*Requirement:*
Return the line containing "高さや角度が調整できるので、ラックの高さに合わせて設置することも可能です。" together with every later line up to the end of the records, exactly and with no pictures; return nothing else.

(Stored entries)
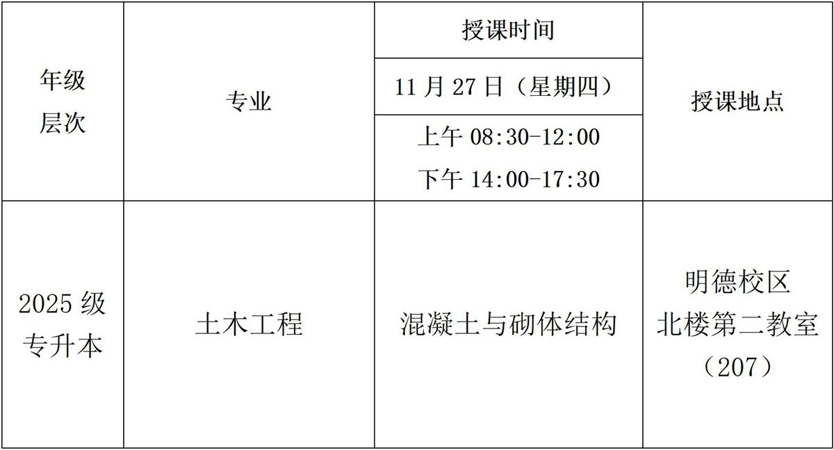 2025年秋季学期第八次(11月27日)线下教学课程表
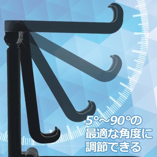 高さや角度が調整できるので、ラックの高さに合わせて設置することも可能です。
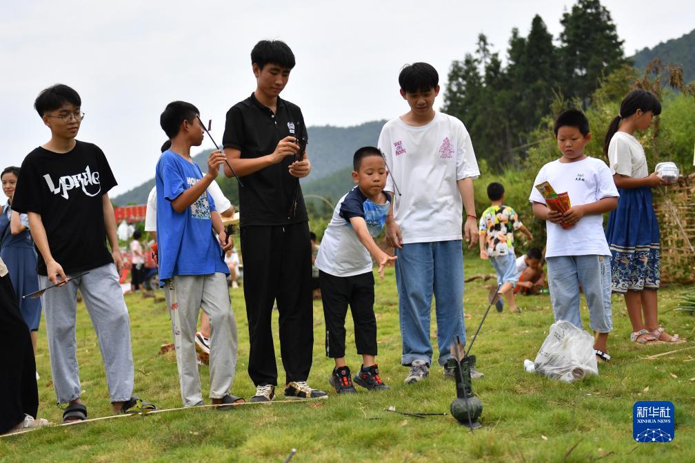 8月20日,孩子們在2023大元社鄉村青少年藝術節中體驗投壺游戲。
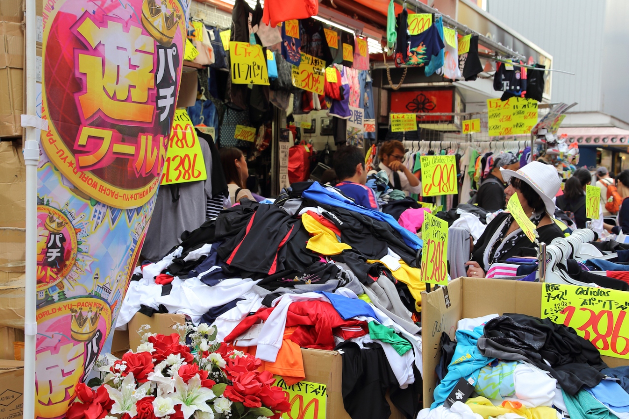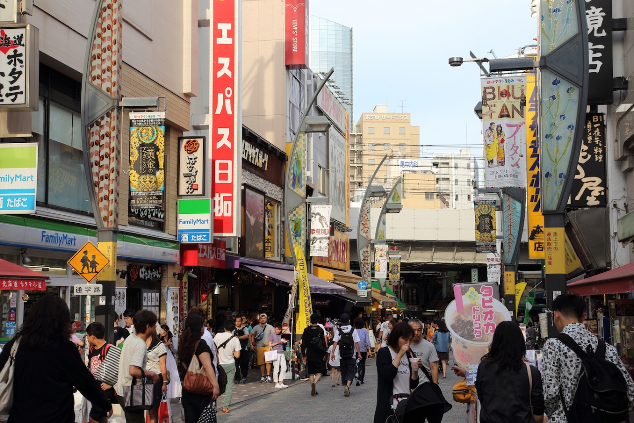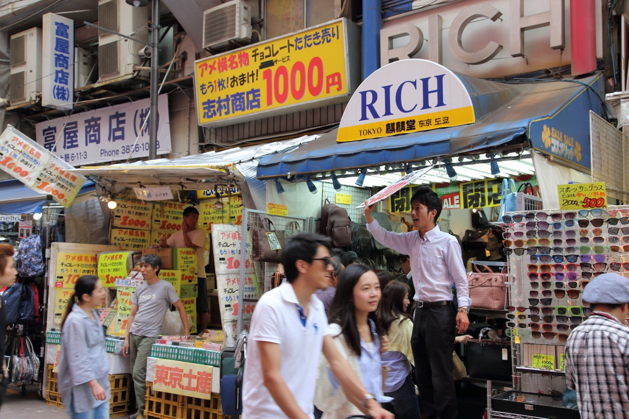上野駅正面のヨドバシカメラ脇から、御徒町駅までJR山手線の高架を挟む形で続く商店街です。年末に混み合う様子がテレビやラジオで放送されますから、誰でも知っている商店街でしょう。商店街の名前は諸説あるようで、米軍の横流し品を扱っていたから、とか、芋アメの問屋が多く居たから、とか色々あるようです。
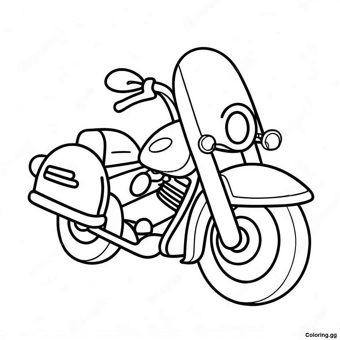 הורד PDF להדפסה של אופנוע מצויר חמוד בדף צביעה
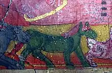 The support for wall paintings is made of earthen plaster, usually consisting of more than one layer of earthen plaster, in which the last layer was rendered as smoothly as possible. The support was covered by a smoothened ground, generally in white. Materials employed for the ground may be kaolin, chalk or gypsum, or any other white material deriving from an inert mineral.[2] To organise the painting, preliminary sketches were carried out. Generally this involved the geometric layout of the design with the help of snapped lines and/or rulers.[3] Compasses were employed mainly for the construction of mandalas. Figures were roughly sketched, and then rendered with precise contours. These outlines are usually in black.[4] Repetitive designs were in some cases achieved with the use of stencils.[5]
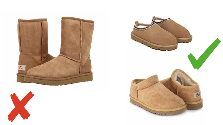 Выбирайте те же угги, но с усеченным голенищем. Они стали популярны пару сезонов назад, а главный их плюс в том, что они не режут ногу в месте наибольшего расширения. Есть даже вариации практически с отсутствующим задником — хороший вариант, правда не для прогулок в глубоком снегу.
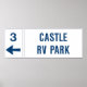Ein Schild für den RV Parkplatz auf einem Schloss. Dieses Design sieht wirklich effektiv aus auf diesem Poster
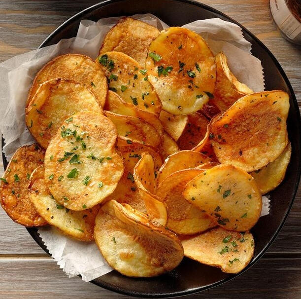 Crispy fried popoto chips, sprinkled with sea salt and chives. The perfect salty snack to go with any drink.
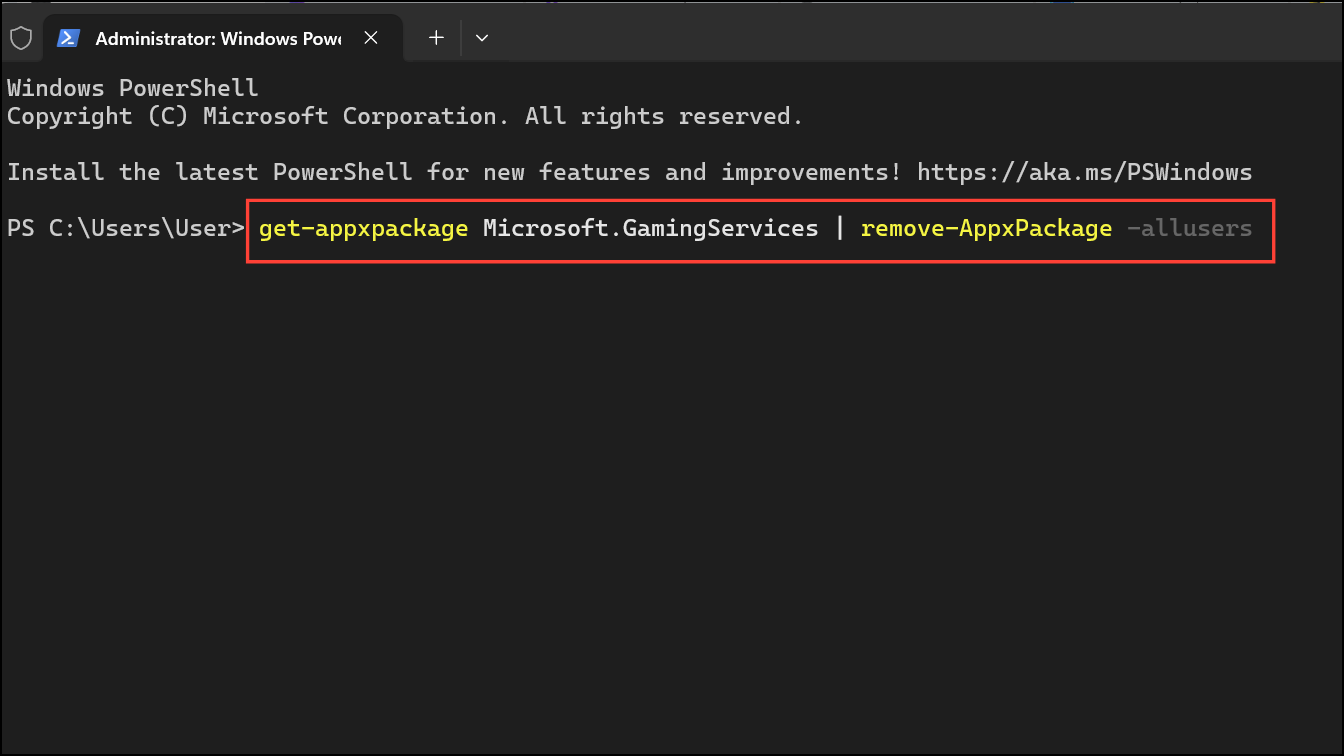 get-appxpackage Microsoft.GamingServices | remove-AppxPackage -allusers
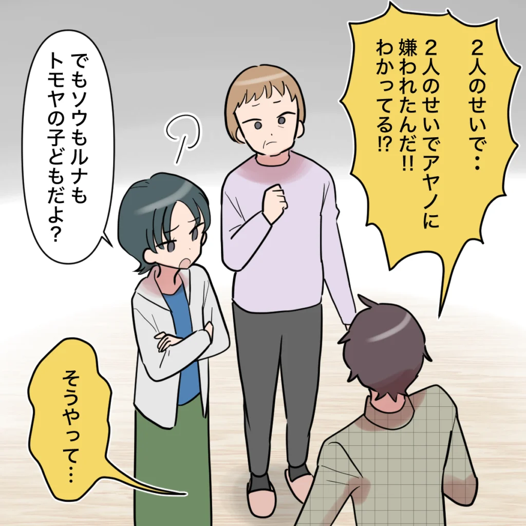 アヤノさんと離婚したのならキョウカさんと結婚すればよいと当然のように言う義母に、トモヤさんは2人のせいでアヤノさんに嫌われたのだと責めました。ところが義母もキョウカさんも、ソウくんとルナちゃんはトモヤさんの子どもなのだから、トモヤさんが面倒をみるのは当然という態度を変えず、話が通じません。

*Answer to this task:*
 高さや角度が調整できるので、ラックの高さに合わせて設置することも可能です。
 8月20日,孩子們在2023大元社鄉村青少年藝術節中體驗投壺游戲。
上野駅正面のヨドバシカメラ脇から、御徒町駅までJR山手線の高架を挟む形で続く商店街です。年末に混み合う様子がテレビやラジオで放送されますから、誰でも知っている商店街でしょう。商店街の名前は諸説あるようで、米軍の横流し品を扱っていたから、とか、芋アメの問屋が多く居たから、とか色々あるようです。
 הורד PDF להדפסה של אופנוע מצויר חמוד בדף צביעה
 The support for wall paintings is made of earthen plaster, usually consisting of more than one layer of earthen plaster, in which the last layer was rendered as smoothly as possible. The support was covered by a smoothened ground, generally in white. Materials employed for the ground may be kaolin, chalk or gypsum, or any other white material deriving from an inert mineral.[2] To organise the painting, preliminary sketches were carried out. Generally this involved the geometric layout of the design with the help of snapped lines and/or rulers.[3] Compasses were employed mainly for the construction of mandalas. Figures were roughly sketched, and then rendered with precise contours. These outlines are usually in black.[4] Repetitive designs were in some cases achieved with the use of stencils.[5]
 Выбирайте те же угги, но с усеченным голенищем. Они стали популярны пару сезонов назад, а главный их плюс в том, что они не режут ногу в месте наибольшего расширения. Есть даже вариации практически с отсутствующим задником — хороший вариант, правда не для прогулок в глубоком снегу.
Ein Schild für den RV Parkplatz auf einem Schloss. Dieses Design sieht wirklich effektiv aus auf diesem Poster
 Crispy fried popoto chips, sprinkled with sea salt and chives. The perfect salty snack to go with any drink.
 get-appxpackage Microsoft.GamingServices | remove-AppxPackage -allusers
 アヤノさんと離婚したのならキョウカさんと結婚すればよいと当然のように言う義母に、トモヤさんは2人のせいでアヤノさんに嫌われたのだと責めました。ところが義母もキョウカさんも、ソウくんとルナちゃんはトモヤさんの子どもなのだから、トモヤさんが面倒をみるのは当然という態度を変えず、話が通じません。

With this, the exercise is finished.